OpenAI, ChatGPT’s Parent Company unveils a new model customisation technique- Reinforcement Fine-Tuning. This new technique allows users to create expert models based on their data set to suit their purposes specifically complex, domain-specific tasks. The OpenAI team unveiled it in their ongoing 12 Days, 12 Livestreams. 

It aims to embolden the idea of making personal, domain-specific, and well-versed models tailored to fit the requirements emerging in a particular profession a dream coming true. This particular development is a significant stride in the way of the ultimate AGI model that the world is aspiring for, currently.  

How does it work? 

This new model customization approach allows developers to tailor our models by training them on a diverse set of tasks, ranging from dozens to thousands of high-quality examples. By providing reference answers, developers can evaluate the model's responses and guide its reasoning process. 

This method enhances the model's ability to tackle similar problems, improving its precision and performance within specific domains.

Learn and not mimic 

The new technique introduced by the company aims to train the IA model to learn reasoning and develop reasoning skills catering to domain-specific expertise. This is a milestone in AI research as it drives LLMs out of mechanic exercise and trains them for the real stuff which is learning & reasoning.   

How is reinforcement important? 

Reinforcement plays a pivotal role here as this would enable the model to develop the ability to reason utilizing the learnings from a large data set and then behave accordingly. This even allows the model to trace back the path of reasoning for the right answer and disincentivize the wrong path creating an evident track to follow for future responses. 

RFT in research 

“Assessing rare diseases is kind of hard because you kind of have to have two things.
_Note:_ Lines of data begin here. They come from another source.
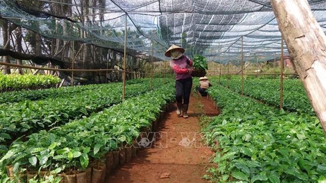 | Năm 2018, tỉnh Đắk Nông đã phối hợp với các đơn vị, địa phương triển khai nhiều chương trình hỗ trợ người nông dân sản xuất cà phê bền vững. Ảnh: Anh Dũng/TTXVN |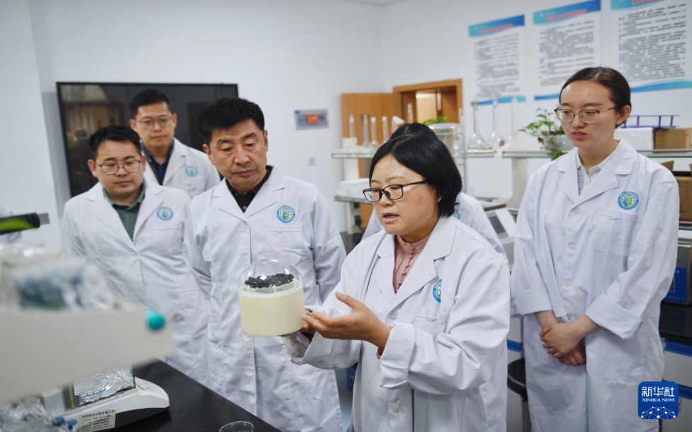 4月20日,在成都理工大學(xué)“四川省地質(zhì)環(huán)境脆弱區(qū)生態(tài)修復(fù)材料與技術(shù)工程研究中心”內(nèi),裴向軍(左三)及團隊成員在展示其研發(fā)的光熱驅(qū)動空氣集水材料及應(yīng)用模型。新華社記者 劉坤 攝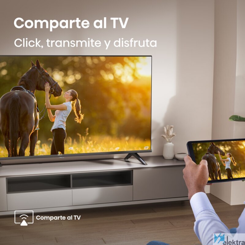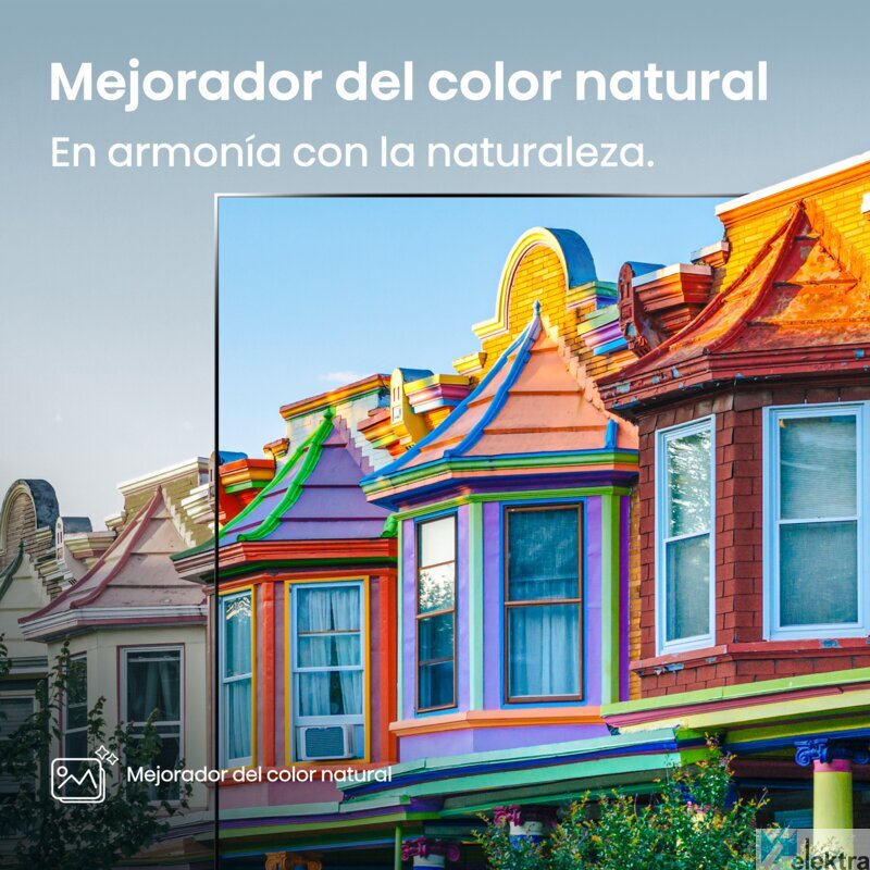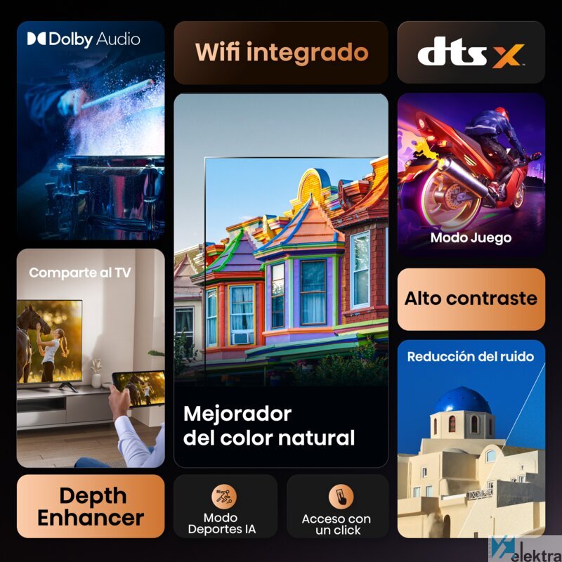 | Otras características | Resolución HD; Sistema operativo inteligente (VIDAA); Potenciador de color natural; DTS Virtual:X y Dolby Audio; Modo deportivo con IA; Compartir en TV; Modo juego; Alto contraste; Potenciador de profundidad; Reducción de ruido; Conectividad. |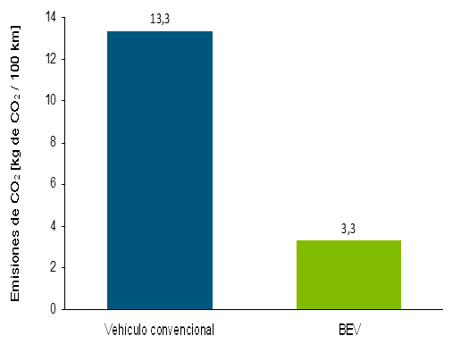 Figura 4-6. Emisiones de CO2 de un vehículo convencional vs. un vehículo eléctrico puro.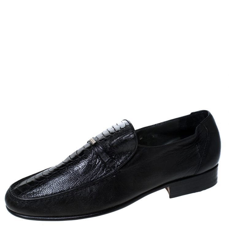 حذاء لوفرز مورشي سليب بحواف جلد نعام وجلد أسود مقاس 41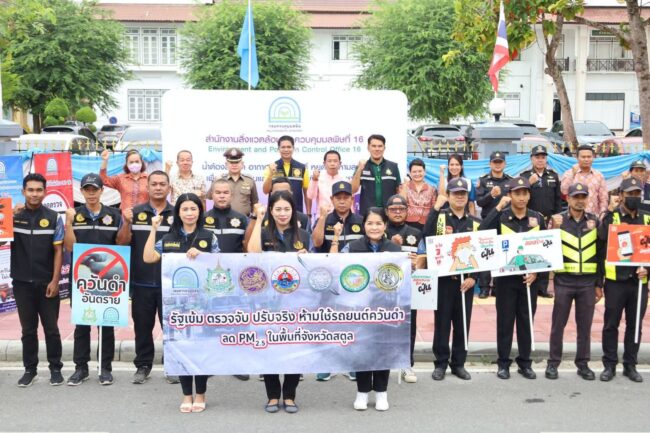 สตูล Kick off กิจกรรม “รัฐเข้ม ตรวจจับ ปรับจริง ห้ามใช้รถยนต์ควันดำ ลด PM2.5” เดินหน้าลดฝุ่นพิษเพื่อสุขภาพประชาชน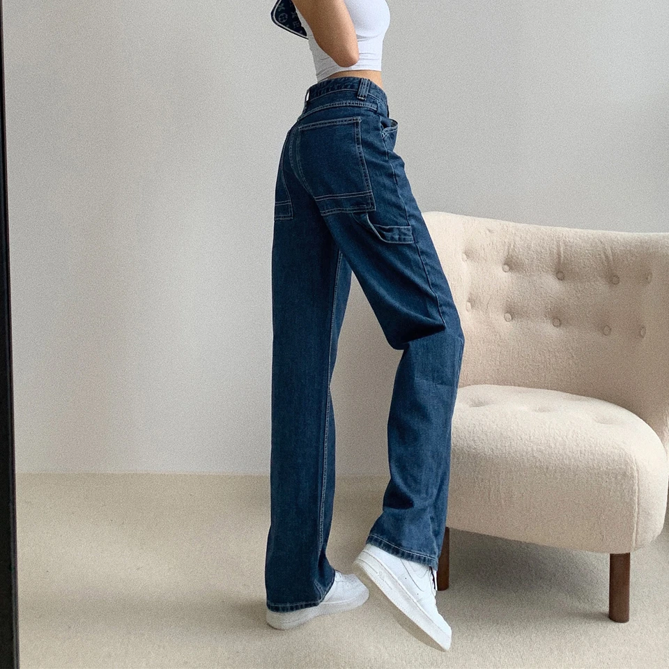 Baggy Jeans For Women Loose High Waist Boyfriend Mom Jeans Big Pockets Black Straight Denim Pants Fashion Hot Sale Jeans Aliexpress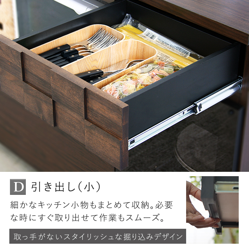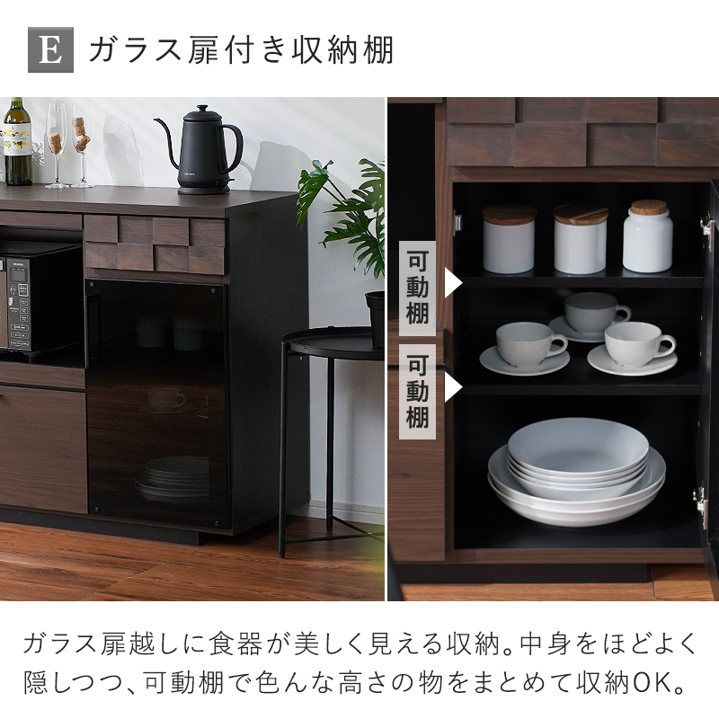 | 天然木とガラスを活かした上質なキッチンカウンター。天然木とブラックガラスが織りなす落ち着いた佇まい。実用性も兼ね備え、暮らしにゆとりを生み出します。 作られた日本製の大川家のこだわりを随所に感じられるインテリア。 5つの便利機能。見た目も使いやすさも兼ね備えた一台 幅120cmの幅広天板は作業台としても使え下のスライドトレーで作業にゆとりが生まれます。二口コンセントがついた幅広のスライド棚付き家電収納庫に加え、引き出しやガラス扉など、機能的な収納部分に加えて天然木のアルダー材で作られた格子デザインが目をひきます。 シリーズで揃えると統一感が出てすっきりと整った空間になります。 | |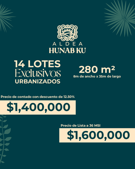 Aldea Hunab Ku, es un desarrollo de 14 lotes exclusivos urbanizados, con vista a la Laguna en donde puedes disfrutar

You have to have a sort of expert domain knowledge about the medical side of things and you also have to have uh sort of systematic reasoning over the biomedical data and this is an area where we think that the o1 model can help us out with its,” said Justin, a computational Biologist with Berkeley lab. 

Real-world usage

The domain-specific approach adopted by the company makes it highly appealing for sectors like law, Finance, Insurance, and Engineering. One real-world example that the company itself has tod in its announcement is its experimentation in assisting the legal consuls of Thomson Reuters in the legal aspects.